We write a function which generates features for a token in a sentence, which is already a spaCy document. The feature vector is represented as a `dict` mapping feature names to their values.

The desired **feature set for a token is**:

- `bias`: A constant value of 1 as an input
- `token.lower`: the lowercased textual form of the token
- `token.suffix`: the textual form of the token's suffix as defined by SpaCy,
- `token.prefix`: the textual form of the token's prefix as defined by SpaCy,
- `token.is_upper`: boolean value indicating if the token is uppercase,
- `token.is_title`: boolean value indicating if the token is a title,
- `token.is_digit`: boolean value indicating if the token consists of numbers.

These are only the `Token`'s own properties, but they represent no context.

We would like to include information about  the previous and next words, as well as indicating if the `Token` is the beginning or the end of sentence.
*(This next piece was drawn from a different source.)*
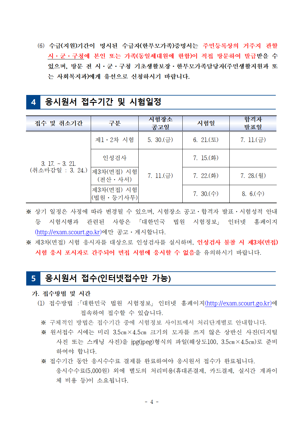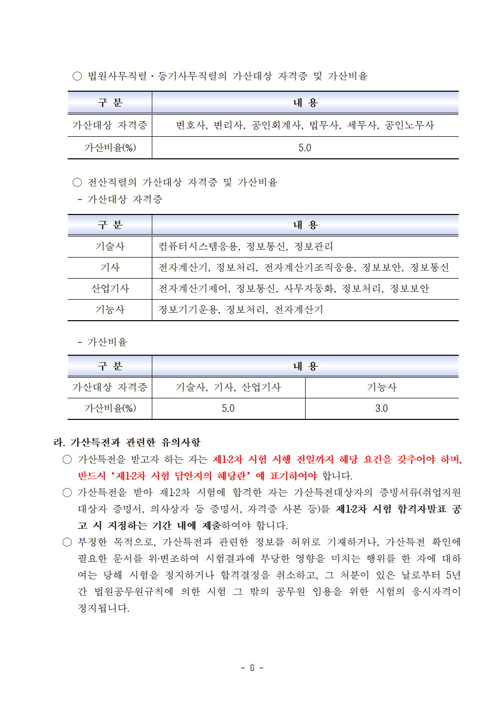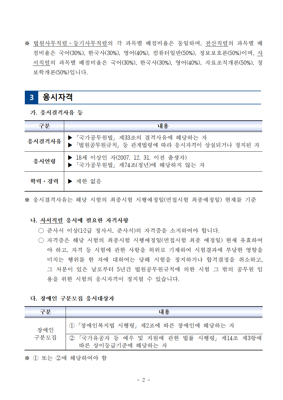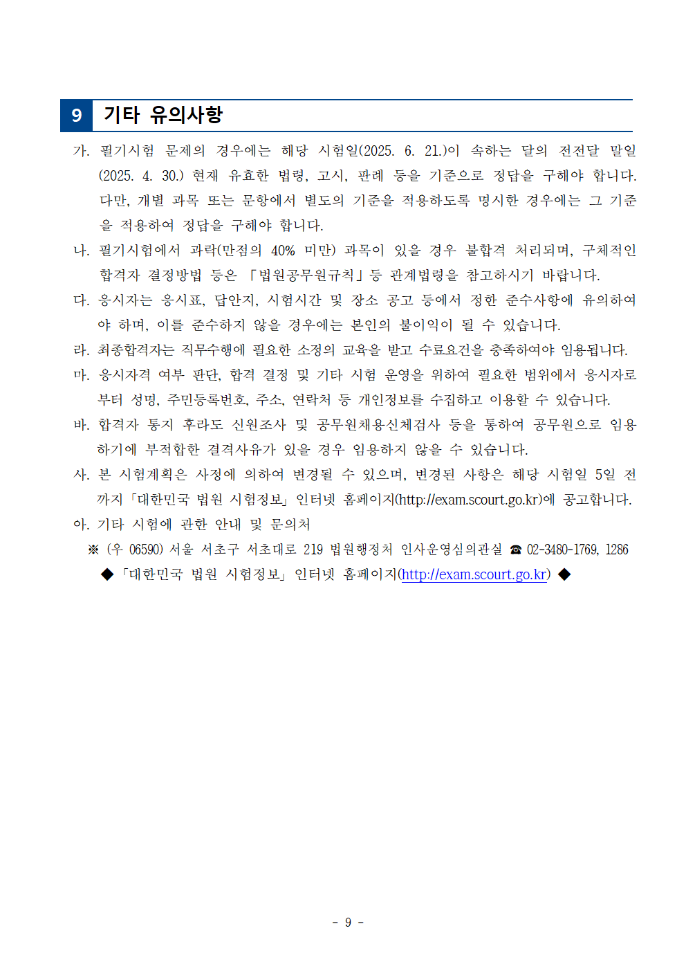 [[시험공고]]2025 법원행정처 법원직 9급 공무원 공채시험 공고 (접수: 3.17~21 / 시험: 6.21 / 3월중 선발인원 공고예정) 작성자9꿈사운영위|작성시간25.01.03|조회수2,008 목록 댓글 0 글자크기 작게가 글자크기 크게가 2025년도 9급 공개경쟁채용시험 시행계획 공고.hwp33.50KB 첨부파일첨부된 파일이 10개 있습니다. png 파일 법원직 시험일정003.png 다운로드 png 파일 법원직 시험일정005.png 다운로드 png 파일 법원직 시험일정001.png 다운로드 png 파일 법원직 시험일정006.png 다운로드 png 파일 법원직 시험일정002.png 다운로드 png 파일 법원직 시험일정004.png 다운로드 png 파일 법원직 시험일정009.png 다운로드 png 파일 법원직 시험일정008.png 다운로드 png 파일 법원직 시험일정007.png 다운로드 hwp 파일 2025년도 9급 공개경쟁채용시험 시행계획 공고.hwp 다운로드 다음검색 현재 게시글 추가 기능 열기 북마크 공유하기 신고 센터로 신고 댓글 댓글 0 댓글쓰기 답글쓰기 댓글 리스트

The **contextual features** should be:
 
- `-1:token.lower`: What is the lowercase textual form of the previous token?,
- `-1:token.is_title`: Is the previous token a title?,
- `-1:token.is_upper`: Is the previous token uppercase?,
- `+1:token.lower`: What is the lowercase textual form of the next token?,
- `+1:token.is_title`: Is the next token a title?,
- `+1:token.is_upper`: Is the next token uppercase?,
- `BOS`: Boolean value indicating if the token is the beginning of a sentence,
- `EOS`: Boolean value indicating if the token is the end of a sentence

In [44]:
# in furtur we will send a sentence and its index "i" which indicate the word 
# in this function we create a dic for that ith word.
def token2features(sent, i):
    """Return a feature dict for a token. 
    sent is a spaCy Doc containing a sentence, i is the token's index in it.
    """
    features = {}
    
    features['bias'] = 1.0
    features['token.lower'] = sent[i].lower_
    features['token.suffix'] = sent[i].suffix_
    features['token.prefix'] = sent[i].prefix_
    features['token.is_upper'] = sent[i].is_upper
    features['token.is_title'] = sent[i].is_title
    features['token.is_digit'] = sent[i].is_digit
    
    # we dont have a token before the first token i.e. token at index=0
    # Hence dont create the folowing features for it
    if i>0:
      features['-1:token.lower'] = sent[i-1].lower_
      features['-1:token.is_title'] = sent[i-1].is_title
      features['-1:token.is_upper'] = sent[i-1].is_upper

    # we dont have a token after the last token i.e. token at index=len(sent)-1
    # Hence dont create the folowing features for i>=len(sent)-1
    if i<len(sent)-1:
      features['+1:token.lower'] = sent[i+1].lower_
      features['+1:token.is_title'] = sent[i+1].is_title
      features['+1:token.is_upper:'] = sent[i+1].is_upper
    
    # if its BOS, i would be equal to 0,
    # hence BOS=TRUE for that token
    if i==0:
      features['BOS'] = True
    
    # if its EOS, index i would be one less than 
    #len of the sentence (index starts from 0)
    if i==len(sent)-1:
      features['EOS'] = True
    #features = [features]
    return features

For training, we will also need functions to generate feature dict and label lists for sentences in our training corpus:

In [45]:
def sent2features(sent):
    "Return a list of feature dicts for a sentence in the data set."
    # Create a doc by instantiating a Doc class and iterating through the sentence token by token.
    # Please bear in mind, that Brown has token-POS pairs, latter one we don't need here...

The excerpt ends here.